Des corps suspendus faits de matière organique en décomposition auraient-ils quelque chose de « magique » ou de « sexy » ? |
On n'a pas été surpris d'apprendre que, dans sa critique de la présente édition de la Biennale, le New York Times a fustigé l'événement pour son caractère trop apolitique à l'heure du Brexit et de la présidence Trump. Soit. Mais qualifier de « sexy » l'exposition de corps en décomposition est selon moi consternant et s'apparente ouvertement à de la nécrophilie.
J'ai été tenté de crier à la horde d'admirateurs d'art : « Mais ouvrez donc les yeux. C'est une arnaque. Quittez cet endroit morne et allez visiter Venise, ses rues, ses canaux, ses églises et ses palais splendides. » Toutefois, les visiteurs de l'expo avaient payé une entrée de 25 euros par personne et à en juger par le nombre de photos prises et par les discussions savantes qui se tenaient sur le parcours de l'expo, la Biennale a allègrement satisfait leurs goûts artistiques. Je suis donc resté muet.

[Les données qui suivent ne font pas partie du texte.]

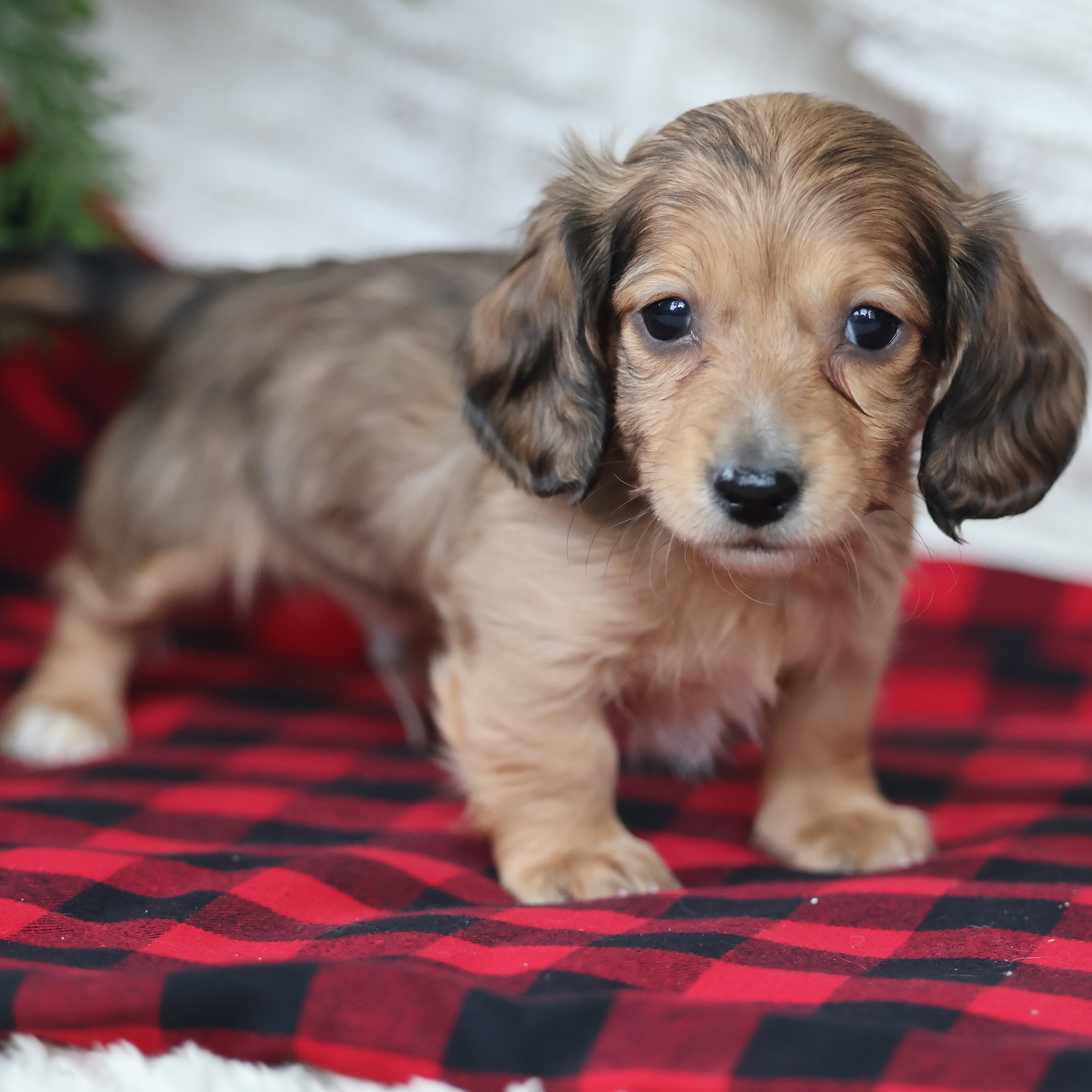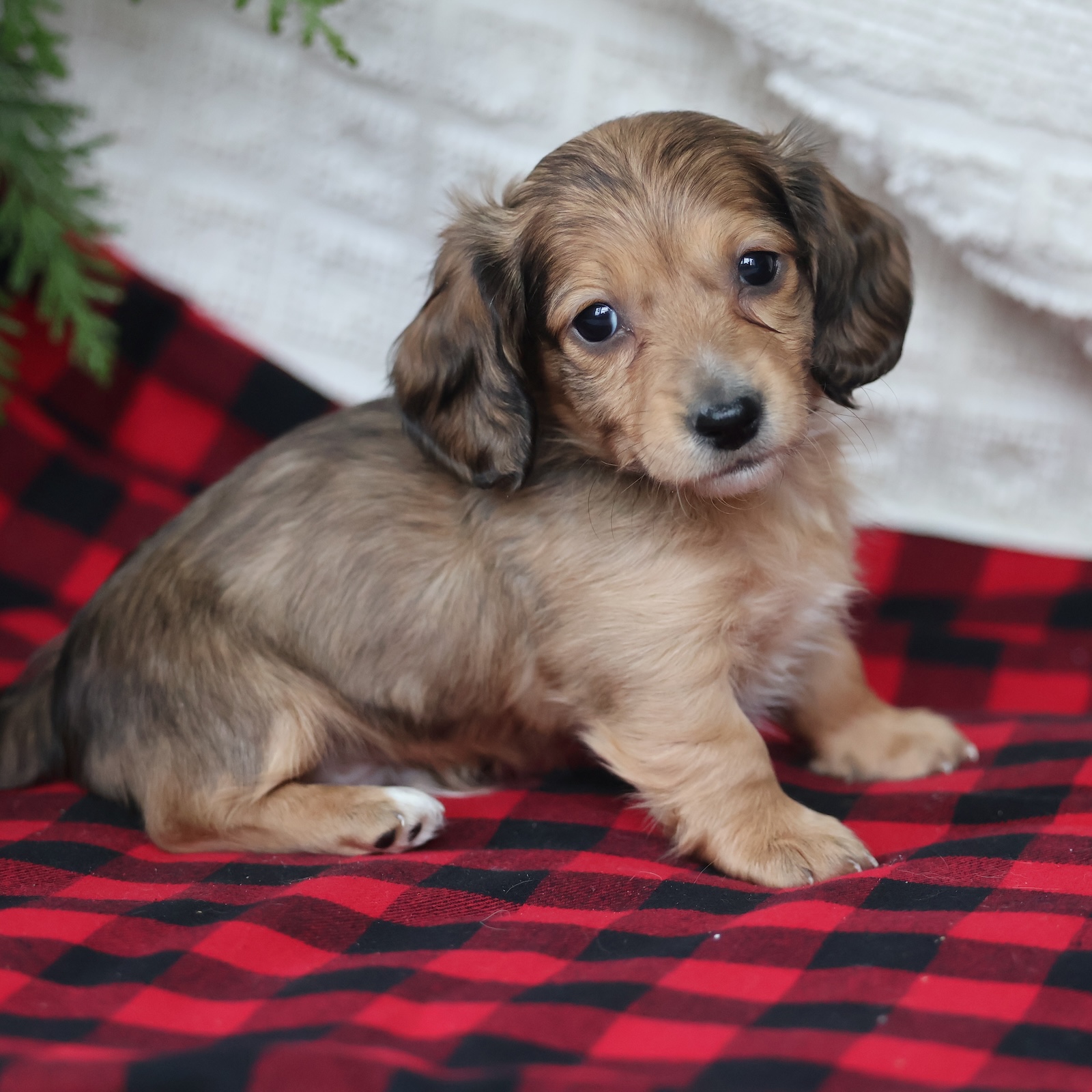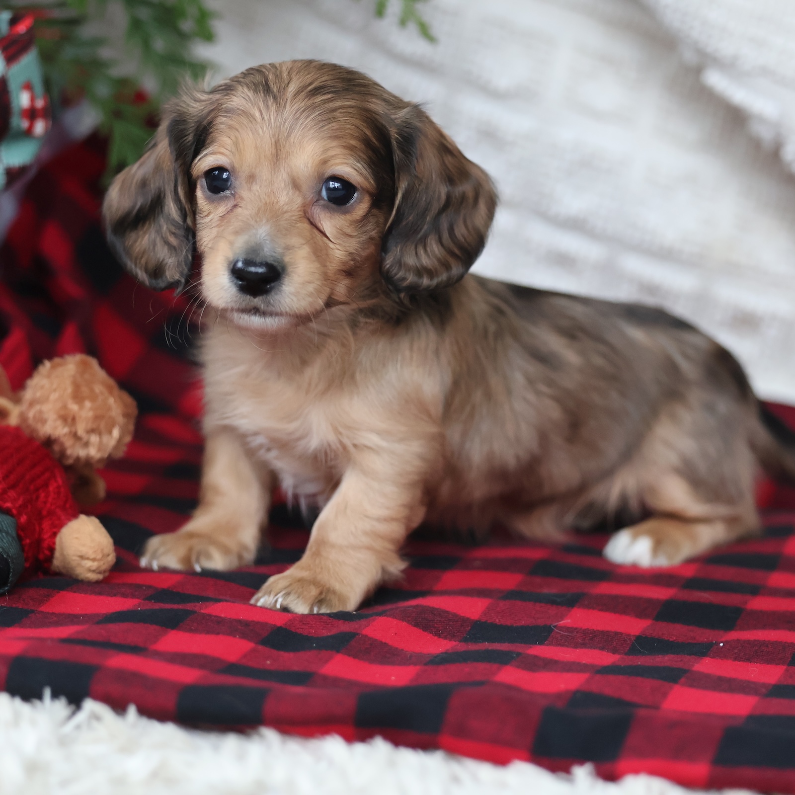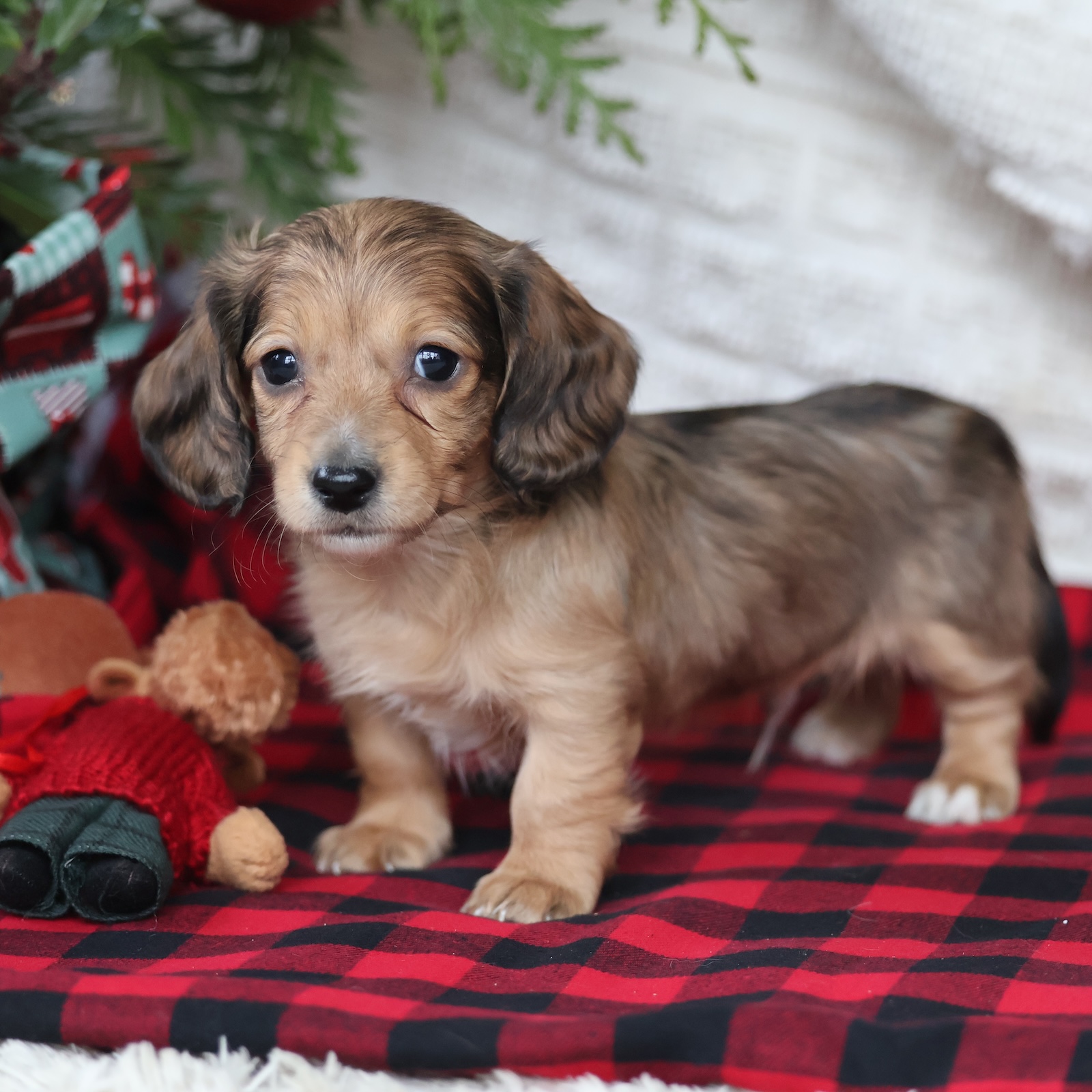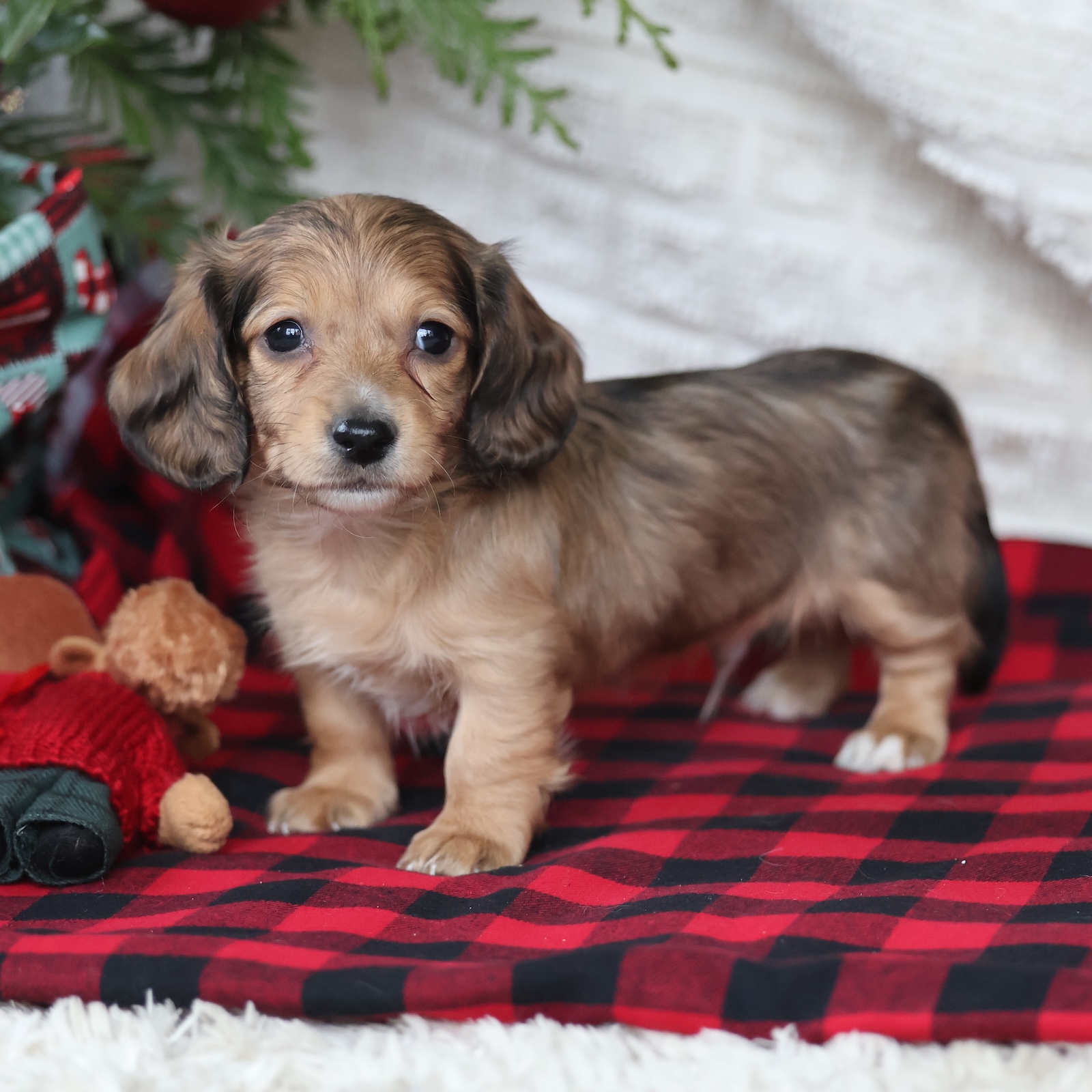 Spruce is a stunning tan dapple long-haired Dachshund male with a gentle heart and an intelligent, curious personality. His soft coat and beautiful markings give him a refined, elegant look, while his warm eyes show just how affectionate he truly is. Spruce enjoys exploring his surroundings, playing with toys, and engaging in lighthearted adventures. He’s a thoughtful little puppy who likes to observe before diving in, making him a great match for families who appreciate a calm, attentive companion. Spruce also loves snuggle time and will gladly curl up beside you after an exciting day. His long coat adds to his charm and only enhances his sweet presence. As a loyal and loving Dachshund, Spruce forms deep bonds and enjoys being close to his people. He brings a peaceful, comforting energy to the home while still delivering plenty of playful moments. With his gentle spirit and loving personality, Spruce is ready to become a cherished member of a lucky family.

En guise de conclusion, je ferai deux observations : Venise, qui est probablement la ville la plus exotique et la plus belle du monde, a paradoxalement engendré les pourvoyeurs de foutaises déguisées en art. Cent sept ans après le tournant de décembre 1910 décrit par Woolf, on se demande combien de temps encore va durer cette farce qu'on appelle « art » moderne et à quel moment les grands artistes délaisseront la politique pour retrouver l'ambition intemporelle de l'art qui est de créer du beau.